===== MATERIAL PROVIDED

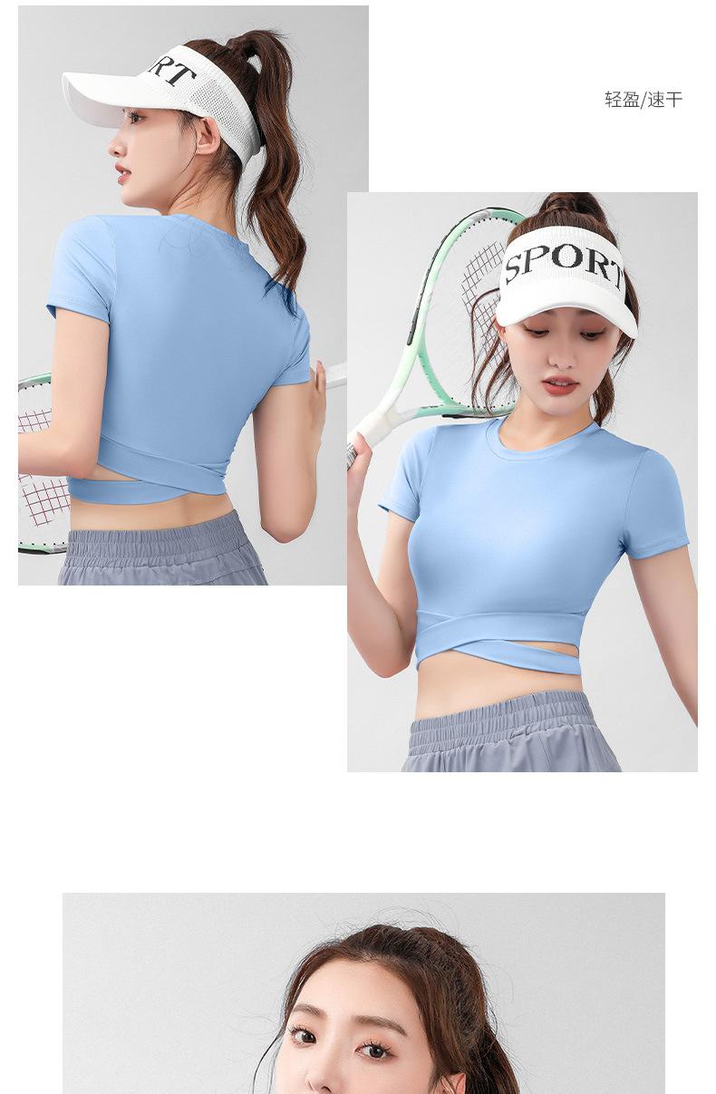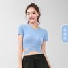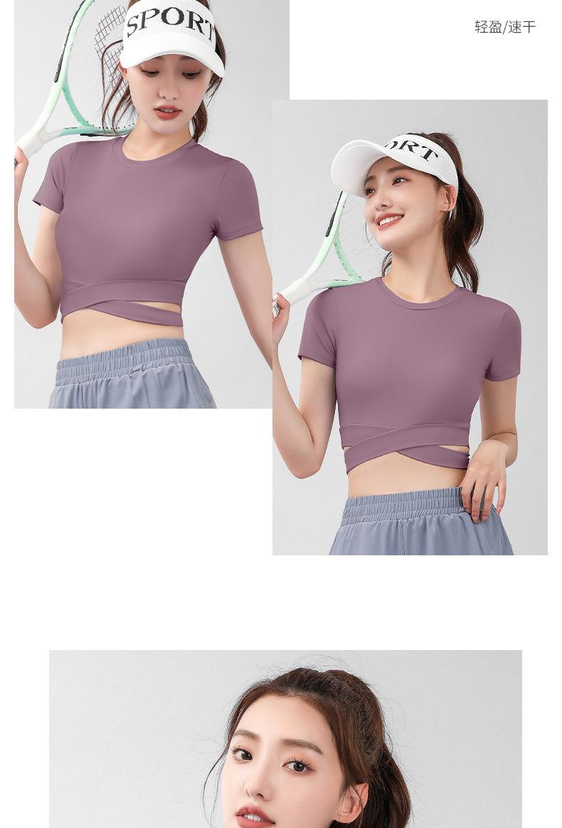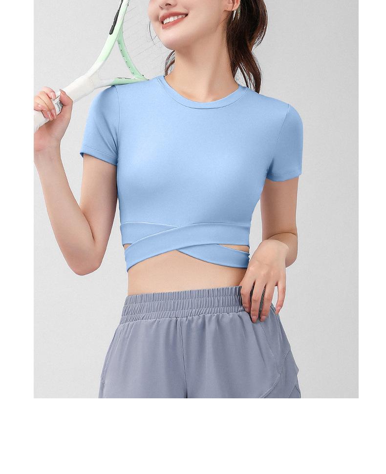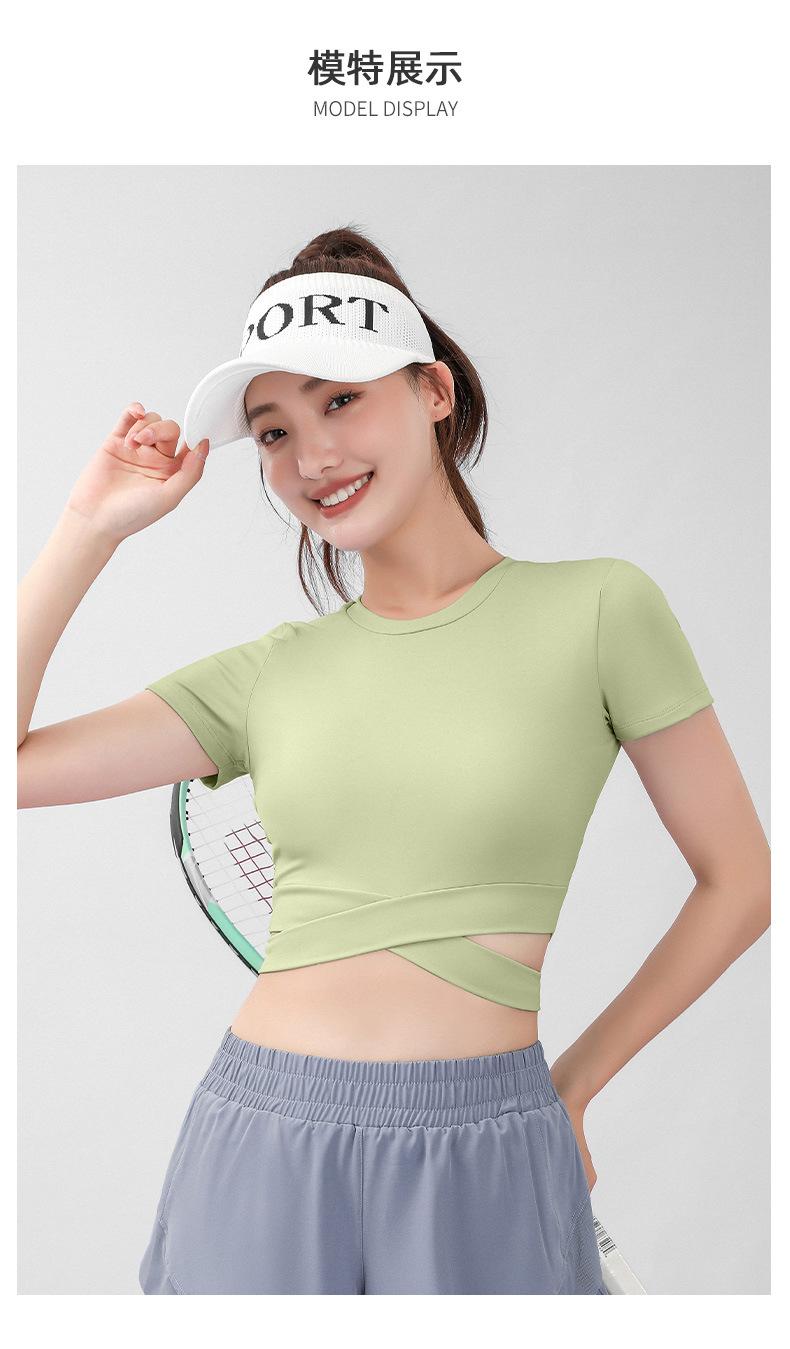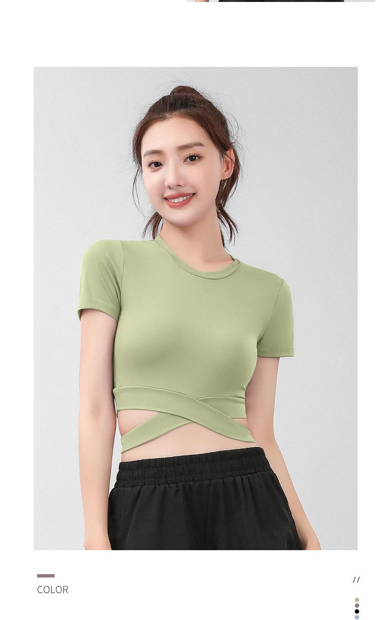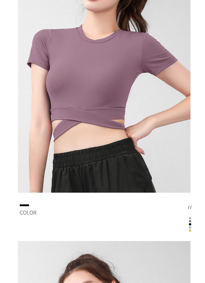 Top de yoga elástico adelgazante de cintura ajustada de color sólido de manga corta con cruz desnuda para mujer
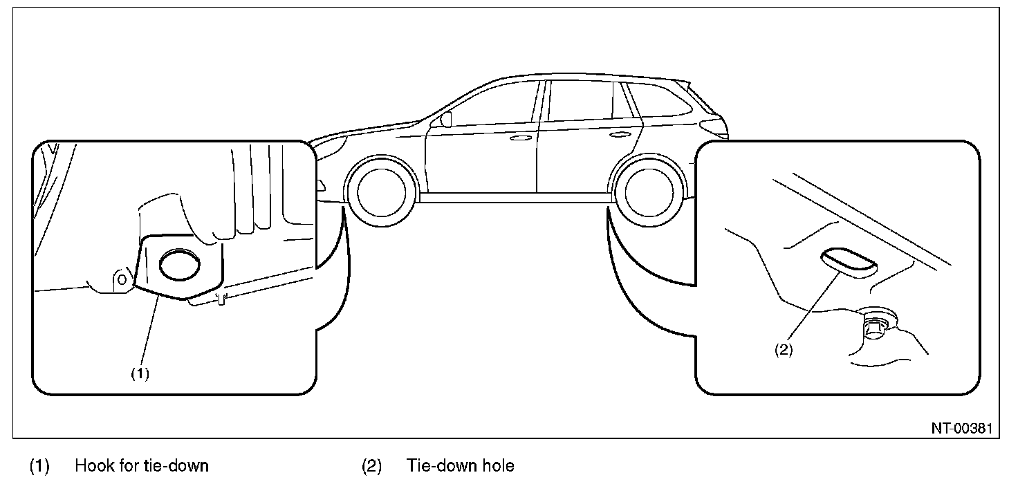 CAUTION: When the vehicle is tied down from vehicle inside, hook the hooks of tie-down chain on the rear tie-down hooks from vehicle inside. When the vehicle is tied down from vehicle outside, hook the hooks of tie-down chain on the rear tie-down hooks from vehicle outside.
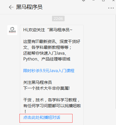 2、关注公众号后,会首先弹出9.9元小课的引流信息,让用户在第一时间能够看到小课的介绍,并且留有工作人员的QQ联系方式。
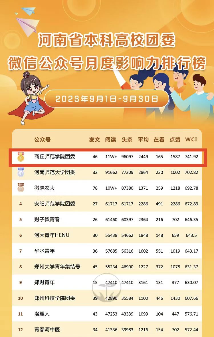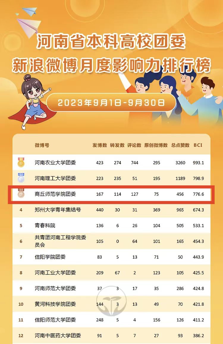 近日,河南省教育厅豫教思语公众号发布了2023年9月份“河南省高校团委月度新媒体影响力榜单”,ok1188诸侯快讯官方团委官方微信公众号影响力排名位列全省高校第一,官方微博影响力排名也取得了全省高校第三的好成绩,显著提升了诸侯快讯官网新媒体矩阵影响力。

==========

> [WHAT THIS TASK INVOLVES]
Please write out all of the data verbatim, with no pictures in the copy.

> [ANSWER TO THE PROBLEM]
 Top de yoga elástico adelgazante de cintura ajustada de color sólido de manga corta con cruz desnuda para mujer
 CAUTION: When the vehicle is tied down from vehicle inside, hook the hooks of tie-down chain on the rear tie-down hooks from vehicle inside. When the vehicle is tied down from vehicle outside, hook the hooks of tie-down chain on the rear tie-down hooks from vehicle outside.
 2、关注公众号后,会首先弹出9.9元小课的引流信息,让用户在第一时间能够看到小课的介绍,并且留有工作人员的QQ联系方式。
 近日,河南省教育厅豫教思语公众号发布了2023年9月份“河南省高校团委月度新媒体影响力榜单”,ok1188诸侯快讯官方团委官方微信公众号影响力排名位列全省高校第一,官方微博影响力排名也取得了全省高校第三的好成绩,显著提升了诸侯快讯官网新媒体矩阵影响力。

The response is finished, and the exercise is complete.